Christian Kichenapanaidou : Collecteur du patrimoine

Derrière chaque objet, l’histoire de La Réunion

18 septembre 2006

Sur les brocantes, il fait partie du petit groupe des chineurs de l’aube qui sillonnent les étales aux premières heures du jour à la recherche de l’objet précieux, emprunte du temps passé qui déliera le fil de notre Histoire. Pour Christian Kichenapanaidou, du 1er janvier au 31 décembre, toutes les journées sont celles du patrimoine.
En 20 ans, il a amassé plus d’un millier d’objets lontan qu’il fait découvrir et raconte aux jeunes de notre ile, comme autant de tranches de vie, de valeurs du passée à transmettre et à conserver. Christian Kichenapanaidou fait vivre et revivre notre patrimoine avec amour et passion.

"Mon rêve serait d’être le conteur de ces objets"
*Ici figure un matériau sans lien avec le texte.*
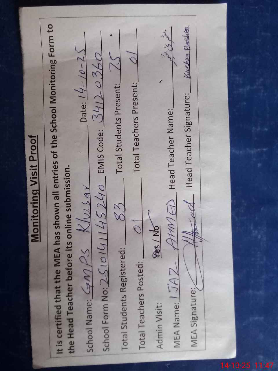 | EMIS Code: 34120360 | Name of School: GMPS KHUSAR | |||

Du chauffe bain en cuivre datant de l’esclavage au premier appareil photographique, du tchaka, outil à tisser en bois, emblème de l’indépendance de l’Inde, à la boite de sardine transformée en râpe par cette grand-mère qui l’utilise encore et lui en fera don à sa mort...la collection de Christian Kichenapanaidou est unique et plurielle. Connu des particuliers, des brocanteurs, comme du grand public tant il répond souvent aux sollicitations des médias, aujourd’hui, les objets viennent à lui. Il les achète mais il arrive aussi qu’on lui fasse don de certains outils lontan oubliés dans le fond de la cour qui reprennent vie et sens entre ses mains. "I fé amwin quelquechose, confie Christian. Na kan mèm de la valeur. I prouv mi fé quelque chose d’utile. Domoun lé toushé par sak mi fé."
Son rêve : ouvrir un jour son propre écomusée ou chaque objet retrouverait son espace de vie propre, serait animé et expliqué comme un récit vivant du temps lontan. "Mon rêve serait d’etre le conteur de ces objets, une sorte de guide, un agent du patrimoine qui pourrait aussi former les autres, explique Christian. Ma pa amèn sa avèk mwin, i apartien au domaine public." Depuis 6 ans, il est à la recherche d’un bâtiment laissé à l’abandon, au mieux ayant une histoire, pour recevoir tous ces artefacts. Saint-Denis n’en manque pas mais "zot (les collectivités) na pwin la volonté", regrette le collectionneur. Plus qu’une passion, ce qu’il considère aujourd’hui comme une véritable mission "occupe toutes mes pensées".
Son travail auprès des personnes âgées lui permet d’en apprendre davantage sur l’utilisation des objets lontan et d’être ainsi un véritable relais entre les générations. Car son public cible reste la jeunesse. Il a constitué des fiches pédagogiques, un album complet sur le train lontan mettant en vis-à-vis des photographiques anciennes et celles plus récentes qu’il a pris lui-même. Tous ces travaux mériteraient d’être affichés sur panneaux pour pouvoir circuler. "Derrière chaque objet, il y a des hommes, des femmes, une histoire. Je veux faire connaître aux jeunes leurs origines multiethniques, leur faire connaître ousa i sort. En grattant un peu l’objet, on va découvrir l’histoire de La Réunion, les valeurs de solidarité et de travail que l’on retrouvait lontan."
Alors si la Journée du Patrimoine est pour Christian Kichenapanaidou "une bonne chose", il note néanmoins qu’ "aujourd’hui on fait des journées pour tout, mais le patrimoine c’est tous les jours qu’il faut l’entretenir."